Stored items
=== Section Start ===

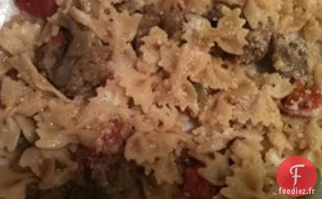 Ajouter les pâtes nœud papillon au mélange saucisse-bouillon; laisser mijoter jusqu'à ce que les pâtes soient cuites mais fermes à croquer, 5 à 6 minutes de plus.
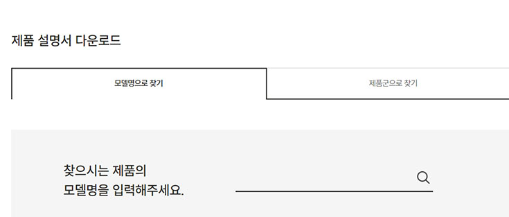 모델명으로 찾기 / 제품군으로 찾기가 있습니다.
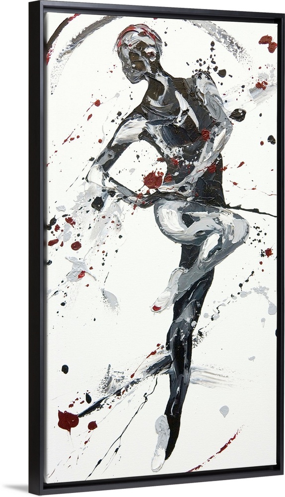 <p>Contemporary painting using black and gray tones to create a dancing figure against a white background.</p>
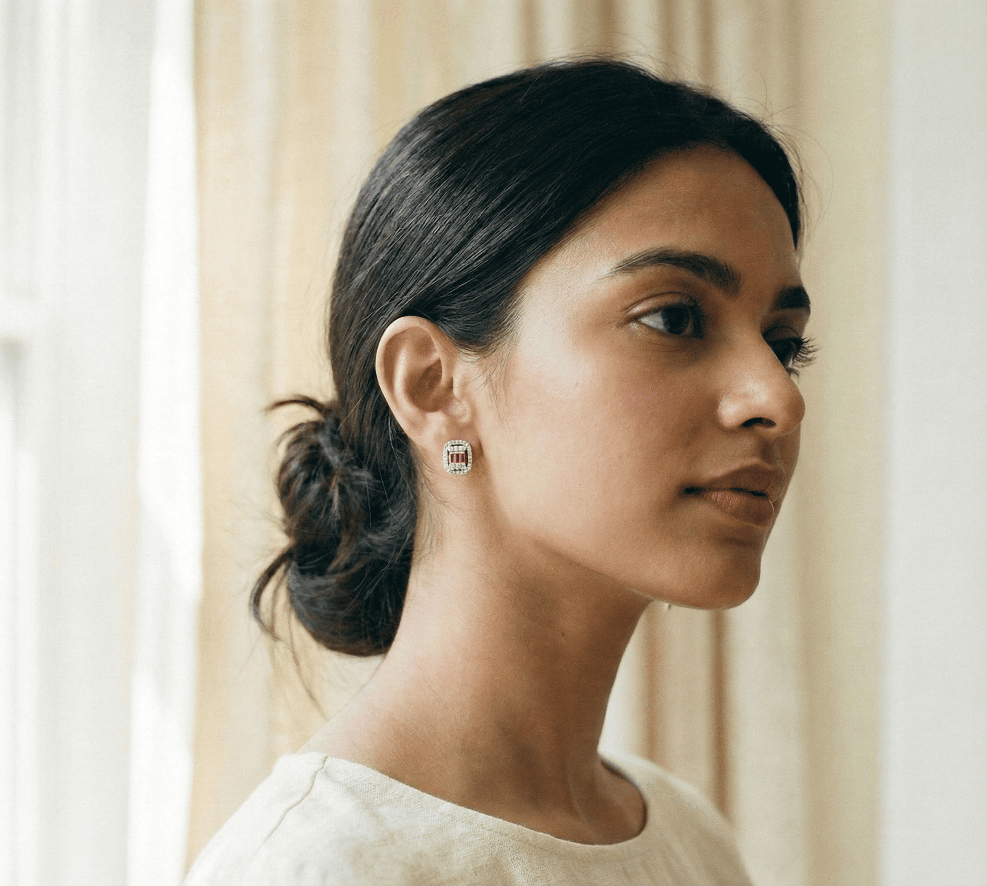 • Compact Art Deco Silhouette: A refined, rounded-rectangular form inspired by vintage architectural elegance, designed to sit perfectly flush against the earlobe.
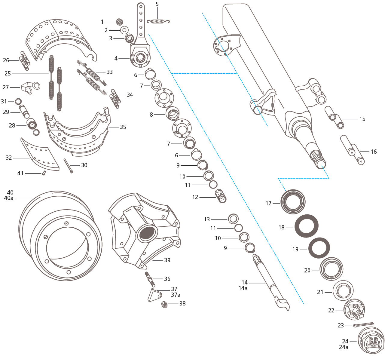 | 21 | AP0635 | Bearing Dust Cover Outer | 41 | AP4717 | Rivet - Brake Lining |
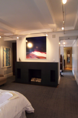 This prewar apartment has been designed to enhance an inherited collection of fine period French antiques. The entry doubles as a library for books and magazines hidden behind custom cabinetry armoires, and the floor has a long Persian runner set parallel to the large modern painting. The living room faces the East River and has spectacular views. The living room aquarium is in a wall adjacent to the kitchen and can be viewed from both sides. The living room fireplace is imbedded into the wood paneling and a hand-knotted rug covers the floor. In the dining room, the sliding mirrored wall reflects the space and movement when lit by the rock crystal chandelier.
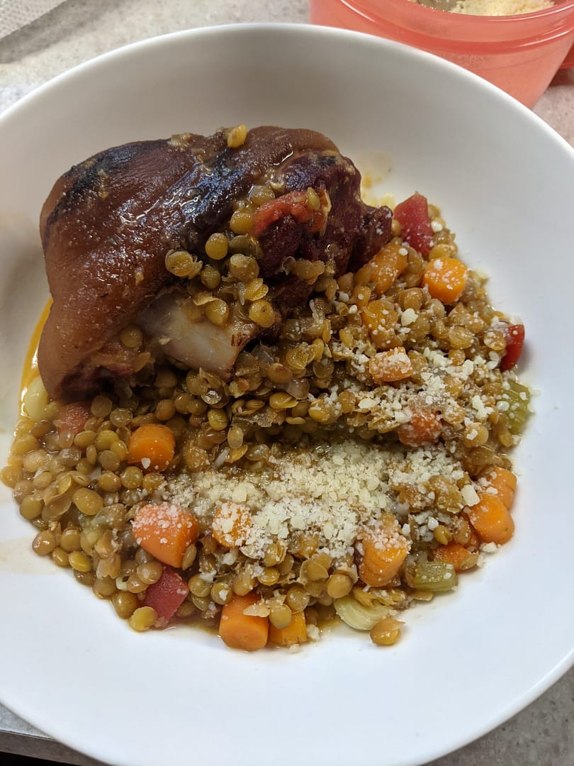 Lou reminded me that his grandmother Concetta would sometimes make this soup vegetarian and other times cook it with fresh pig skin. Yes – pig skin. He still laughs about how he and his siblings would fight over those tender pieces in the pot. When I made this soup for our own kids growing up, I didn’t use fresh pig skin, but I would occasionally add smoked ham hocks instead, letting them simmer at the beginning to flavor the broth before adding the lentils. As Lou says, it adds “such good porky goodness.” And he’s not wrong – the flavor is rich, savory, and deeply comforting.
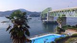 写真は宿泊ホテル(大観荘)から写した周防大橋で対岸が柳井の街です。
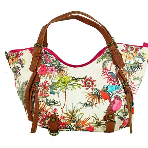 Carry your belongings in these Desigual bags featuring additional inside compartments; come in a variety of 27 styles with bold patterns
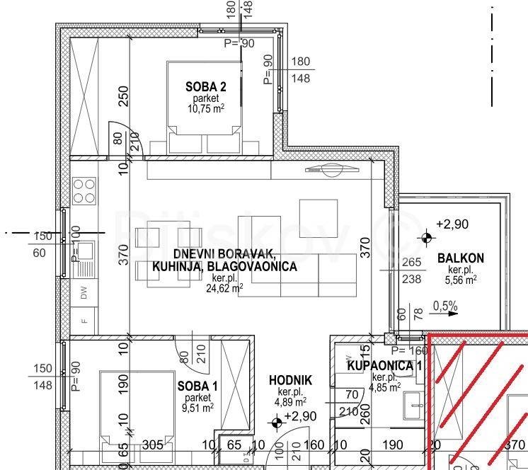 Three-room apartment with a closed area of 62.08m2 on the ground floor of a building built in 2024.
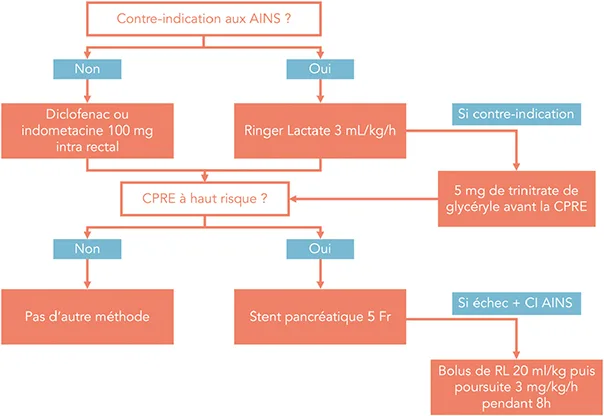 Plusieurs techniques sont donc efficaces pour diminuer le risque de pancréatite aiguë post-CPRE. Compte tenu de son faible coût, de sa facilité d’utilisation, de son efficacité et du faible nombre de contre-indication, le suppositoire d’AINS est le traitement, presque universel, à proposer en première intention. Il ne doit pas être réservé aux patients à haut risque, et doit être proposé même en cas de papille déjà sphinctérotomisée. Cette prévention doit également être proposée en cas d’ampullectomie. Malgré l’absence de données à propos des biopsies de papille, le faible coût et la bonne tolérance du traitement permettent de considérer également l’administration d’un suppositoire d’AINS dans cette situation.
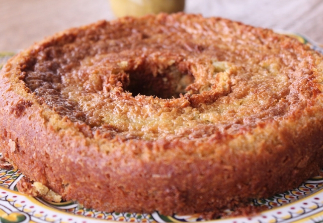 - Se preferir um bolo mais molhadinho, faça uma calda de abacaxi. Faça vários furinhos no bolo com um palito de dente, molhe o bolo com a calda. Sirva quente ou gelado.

=== Section End ===

# Your assignment
The data above should be repeated in full and exactly, with no pictures carried over.

# Your response
 Ajouter les pâtes nœud papillon au mélange saucisse-bouillon; laisser mijoter jusqu'à ce que les pâtes soient cuites mais fermes à croquer, 5 à 6 minutes de plus.
 모델명으로 찾기 / 제품군으로 찾기가 있습니다.
 <p>Contemporary painting using black and gray tones to create a dancing figure against a white background.</p>
 • Compact Art Deco Silhouette: A refined, rounded-rectangular form inspired by vintage architectural elegance, designed to sit perfectly flush against the earlobe.
 | 21 | AP0635 | Bearing Dust Cover Outer | 41 | AP4717 | Rivet - Brake Lining |
 This prewar apartment has been designed to enhance an inherited collection of fine period French antiques. The entry doubles as a library for books and magazines hidden behind custom cabinetry armoires, and the floor has a long Persian runner set parallel to the large modern painting. The living room faces the East River and has spectacular views. The living room aquarium is in a wall adjacent to the kitchen and can be viewed from both sides. The living room fireplace is imbedded into the wood paneling and a hand-knotted rug covers the floor. In the dining room, the sliding mirrored wall reflects the space and movement when lit by the rock crystal chandelier.
 Lou reminded me that his grandmother Concetta would sometimes make this soup vegetarian and other times cook it with fresh pig skin. Yes – pig skin. He still laughs about how he and his siblings would fight over those tender pieces in the pot. When I made this soup for our own kids growing up, I didn’t use fresh pig skin, but I would occasionally add smoked ham hocks instead, letting them simmer at the beginning to flavor the broth before adding the lentils. As Lou says, it adds “such good porky goodness.” And he’s not wrong – the flavor is rich, savory, and deeply comforting.
 写真は宿泊ホテル(大観荘)から写した周防大橋で対岸が柳井の街です。
 Carry your belongings in these Desigual bags featuring additional inside compartments; come in a variety of 27 styles with bold patterns
 Three-room apartment with a closed area of 62.08m2 on the ground floor of a building built in 2024.
 Plusieurs techniques sont donc efficaces pour diminuer le risque de pancréatite aiguë post-CPRE. Compte tenu de son faible coût, de sa facilité d’utilisation, de son efficacité et du faible nombre de contre-indication, le suppositoire d’AINS est le traitement, presque universel, à proposer en première intention. Il ne doit pas être réservé aux patients à haut risque, et doit être proposé même en cas de papille déjà sphinctérotomisée. Cette prévention doit également être proposée en cas d’ampullectomie. Malgré l’absence de données à propos des biopsies de papille, le faible coût et la bonne tolérance du traitement permettent de considérer également l’administration d’un suppositoire d’AINS dans cette situation.
 - Se preferir um bolo mais molhadinho, faça uma calda de abacaxi. Faça vários furinhos no bolo com um palito de dente, molhe o bolo com a calda. Sirva quente ou gelado.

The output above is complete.